Benchmarking results

This pipeline currently (January 2020) is the state-of-the-art in processing Slovenian, Croatian and Serbian, with the following (CoNLL-2018-shared-task) F1 metrics obtained on the babushka-bench benchmarking platform (with gold segmentation and remaining preprocessing with the same pipeline):

language layer F1
Slovenian morphosyntax (XPOS) 96.72
Slovenian lemmatization (LEMMA) 99.02
Slovenian dependency parsing (LAS) 92.68
Croatian morphosyntax (XPOS) 94.13
Croatian lemmatization (LEMMA) 97.60
Croatian dependency parsing (LAS) 85.86
Serbian morphosyntax (XPOS) 95.23
Serbian lemmatization (LEMMA) 97.89
Serbian dependency parsing (LAS) 88.96

Installation

pip

We recommend that you install Classla via pip, the Python package manager. To install, run:

pip install classla

This will also help to resolve all dependencies.

Running the tool

Getting started

To run your first Classla pipeline, follow these steps:

import classla
classla.download('sl')                            # to download models in Slovene
nlp = classla.Pipeline('sl')                      # to initialize default Slovene pipeline
doc = nlp("Janez Janša je rojen v Grosuplju.")    # to run pipeline
print(doc.conll_file.conll_as_string())           # to print output in conllu format

You can also look into pipeline_simple.py and pipeline_use.py files for usage examples.

Tokenization

For tokenization of Slovenian, Croatian or Serbian, a rule-based tokenizer, reldi-tokeniser should be applied prior to further processing, producing CoNLL-U output.

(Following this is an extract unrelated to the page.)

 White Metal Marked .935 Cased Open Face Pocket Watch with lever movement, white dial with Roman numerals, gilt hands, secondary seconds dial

For tokenization of Slovenian, compliant with standard training data and reference corpora, Obeliks4J should be used, again, by generating CoNLL-U output.

Part-of-speech tagging

For now, there are available pre-trained models for part-of-speech tagging for

Once you placed the PoS-tagging model files into the models/pos/ path, you can run the following commands (for (1) Slovenian, (2) Croatian, or (3) Serbian)

python -m classla.models.tagger --save_dir models/pos/ --save_name ssj500k --eval_file data/ssj500k.dev.conllu --output_file temp --gold_file data/ssj500k.dev.conllu --shorthand sl_ssj --mode predict
python -m classla.models.tagger --save_dir models/pos/ --save_name hr500k --eval_file data/hr500k.dev.conllu --output_file temp --gold_file data/hr500k.dev.conllu --shorthand hr_set --mode predict
python -m classla.models.tagger --save_dir models/pos/ --save_name SETimes.SR --eval_file data/SETimes.SR.dev.conllu --output_file temp --gold_file data/SETimes.SR.dev.conllu --shorthand sr_set --mode predict

If you do not want to evaluate the tagger, but just annotate a new file, you can leave out the --gold_file argument.

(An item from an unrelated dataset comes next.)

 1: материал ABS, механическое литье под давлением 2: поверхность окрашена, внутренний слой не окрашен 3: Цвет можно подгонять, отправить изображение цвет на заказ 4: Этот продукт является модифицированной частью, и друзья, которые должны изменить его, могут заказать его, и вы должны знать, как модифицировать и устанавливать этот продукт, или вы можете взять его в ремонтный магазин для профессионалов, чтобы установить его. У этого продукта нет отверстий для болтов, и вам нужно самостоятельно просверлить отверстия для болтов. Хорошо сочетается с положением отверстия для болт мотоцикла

The input to part-of-speech tagging is a CONLLU-formated file.

Lemmatisation

Similarly to PoS tagging, there are pre-trained models for lemmatisation available as well for

Running the lemmatiser for Slovenian, if models are placed in the models/lemma/ directory, can be performed as follows:

python -m classla.models.lemmatizer --model_dir models/lemma/ --model_file ssj500k+Sloleks --eval_file data/pos.ssj500k.dev.conllu --output_file temp --gold_file data/pos.ssj500k.dev.conllu --mode predict

Similarly, for Croatian or Serbian, these are the corresponding commands:

python -m classla.models.lemmatizer --model_dir models/lemma/ --model_file hr500k+hrLex --eval_file data/pos.hr500k.dev.conllu --output_file temp --gold_file data/pos.hr500k.dev.conllu --mode predict
python -m classla.models.lemmatizer --model_dir models/lemma/ --model_file SETimes.SR+srLex --eval_file data/pos.SETimes.SR.dev.conllu --output_file temp --gold_file data/pos.SETimes.SR.dev.conllu --mode predict

Again, leaving out the -gold_file argument, no evaluation will be performed.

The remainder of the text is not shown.